[Records from a data source]
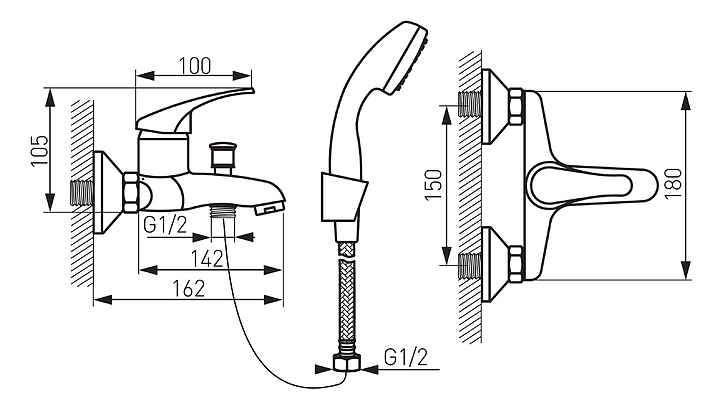 Смеситель для ванны настенный с гарнитуром FERRO BASIC BBC11 хром
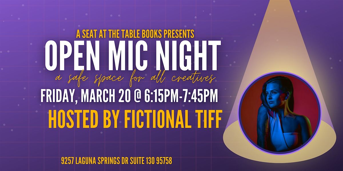 Let's dim the lights and turn up the volume for Open Mic Night! Join us as a performer or attendee and cheer on your fellow artists. Play an instrument, sing a song, perform a dance, share your poetry or spoken word, or do a standup routine. You don't need to be an expert - A Seat at the Table Books is a community safe space and supportive environment for all. All experience levels welcome.
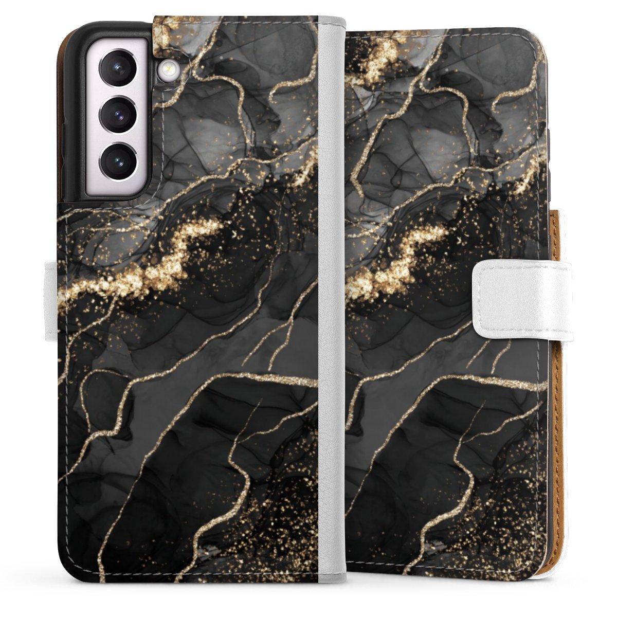 For our Sideflip Case we are using our advanced direct printing technology. The back and frontside are fully printabale, the inside of the phone bag is left unprinted. You can order the phone case without print, printed completely or also with a partial print.
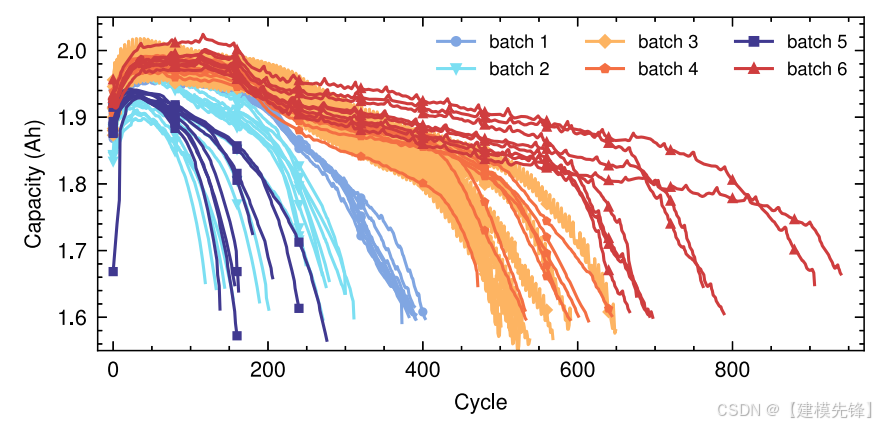 我们在这项研究中开发了一个电池退化实验,如图S1所示。在室温下,在6种充电/放电协议下,共有55个利申制造的电池(LiNi0.5Co0.2Mn0.3O2,标称容量2000 mAh,标称电压3.6 V,充电和放电的截止电压分别为4.2 V和2.5 V)循环至故障。这些协议包括固定充电和放电、不同周期固定电流的随机放电、随机行走以及地球同步轨道(GEO)卫星的充电和放电策略。我们使用批次1到批次6分别表示6种充电/放电方案。退化轨迹如图2所示。有关我们的数据集的更多细节可在补充说明1中找到。
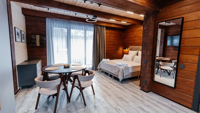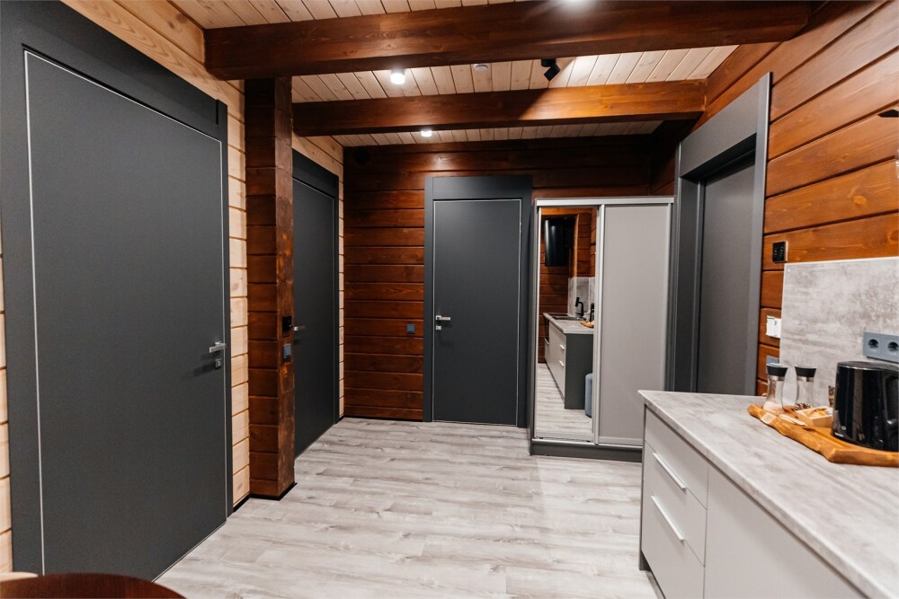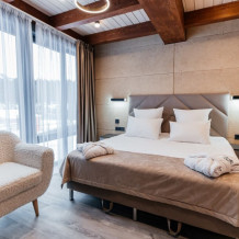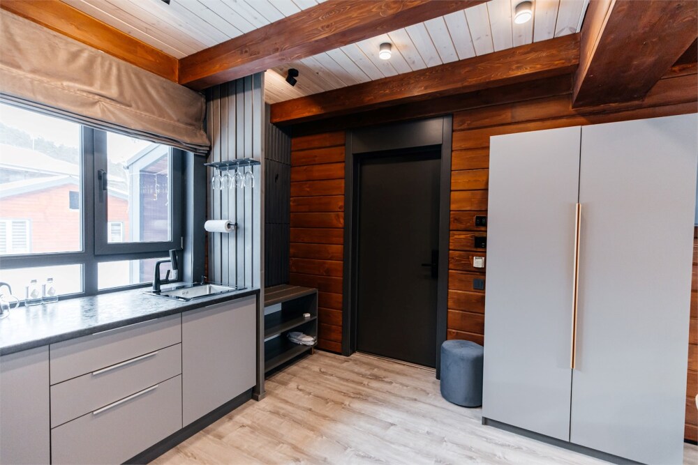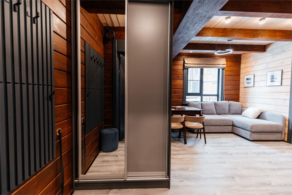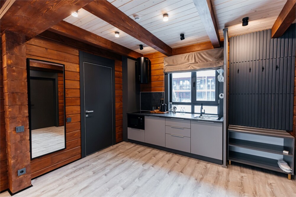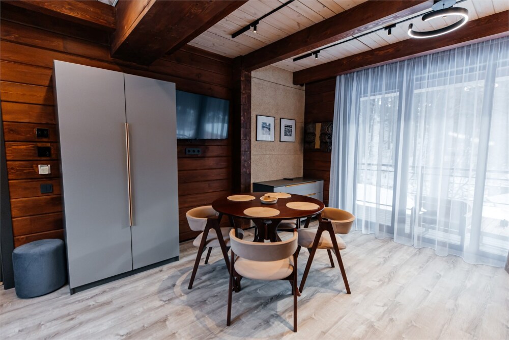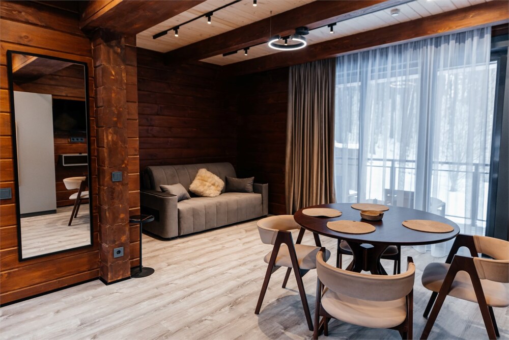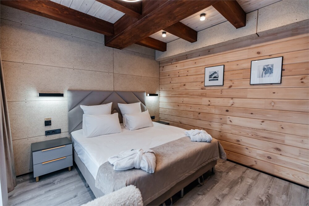 Номерной фонд отеля 16 номеров. К услугам гостей 1-, 2- и 3-комнатные апартаменты, которые станут идеальным местом для семейного отдыха, романтических путешествий и дружных компаний. Каждый из домов оснащен мебелью, изготовленной на заказ, что создает особый уют и атмосферу. Панорамные греющие окна Thermo Glass, созданные по инновационной технологии, обеспечат тепло даже в самые суровые морозы. Для комфортного семейного отдыха у нас предусмотрены все условия: хорошая шумоизоляция из экологичных материалов Green Board, а также возможность установить детскую кроватку по запросу.

* [Task objective]
Start at the line that contains "For our Sideflip" and retype every line through the end of the entries above, both ends included. Exclude all pictures.

* [Answer to the problem]
 For our Sideflip Case we are using our advanced direct printing technology. The back and frontside are fully printabale, the inside of the phone bag is left unprinted. You can order the phone case without print, printed completely or also with a partial print.
 我们在这项研究中开发了一个电池退化实验,如图S1所示。在室温下,在6种充电/放电协议下,共有55个利申制造的电池(LiNi0.5Co0.2Mn0.3O2,标称容量2000 mAh,标称电压3.6 V,充电和放电的截止电压分别为4.2 V和2.5 V)循环至故障。这些协议包括固定充电和放电、不同周期固定电流的随机放电、随机行走以及地球同步轨道(GEO)卫星的充电和放电策略。我们使用批次1到批次6分别表示6种充电/放电方案。退化轨迹如图2所示。有关我们的数据集的更多细节可在补充说明1中找到。
 Номерной фонд отеля 16 номеров. К услугам гостей 1-, 2- и 3-комнатные апартаменты, которые станут идеальным местом для семейного отдыха, романтических путешествий и дружных компаний. Каждый из домов оснащен мебелью, изготовленной на заказ, что создает особый уют и атмосферу. Панорамные греющие окна Thermo Glass, созданные по инновационной технологии, обеспечат тепло даже в самые суровые морозы. Для комфортного семейного отдыха у нас предусмотрены все условия: хорошая шумоизоляция из экологичных материалов Green Board, а также возможность установить детскую кроватку по запросу.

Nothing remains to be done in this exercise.